March 2012
International Lotus Sutra Seminar Addresses Theme of Suffering
The 17th International Lotus Sutra Seminar was held March 6-11 in a convention center in the town of Ranzan, Saitama Prefecture, near Tokyo. Eleven researchers from Canada, Japan, Singapore, Taiwan, and the United States took part. Dr. Miriam Levering, an international advisor to Rissho Kosei-kai and a professor emerita at the University of Tennessee, Knoxville, coordinated the seminar. Every year participants deliver papers on a different theme, and this year's theme was "Buddhism, the Lotus Sutra, and Human Suffering: Classical, Modern, and Contemporary Approaches."

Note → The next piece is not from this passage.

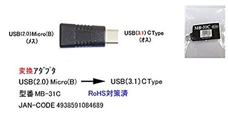 変換アダプタ USB2.0 MicroB(メス) → USB3.1 Cタイプ(オス) COMON MB-31C

The participants were Dr. Miriam Levering; Dr. Munehiro Niwano, dean of Rissho Kosei-kai's Gakurin Seminary; Dr. Michio T. Shinozaki, former director of the Chuo Academic Research Institute in Tokyo; Dr. John Strong, professor at Bates College, Lewiston; Dr. Sarah M. Strong, professor at Bates College, Lewiston; Dr. Taigen Dan Leighton, professor at the Graduate Theological Union, Berkeley, California; Ms. Jessica L. Main, instructor at the University of British Columbia, Vancouver; Ven. Dr. Yifa, former department head and dean at the University of the West, Rosemead, California; Dr. Mark Blum, professor at the State University of New York, Albany; Dr. Mark T. Unno, associate professor at the University of Oregon, Eugene; Dr. Melissa Anne-Marie Curley, assistant professor at the University of Iowa, Iowa City; Dr. Zhiru Ng, associate professor at Pomona College, Claremont, California.
On March 9, the seminar participants visited Rissho Kosei-kai's Kawagoe Dharma Center in Saitama Prefecture and attended a ritual. On March 10, they visited Rissho Kosei-kai's headquarters in Tokyo and conferred with Rev. Yasutaka Watanabe, chair of the Board of Trustees.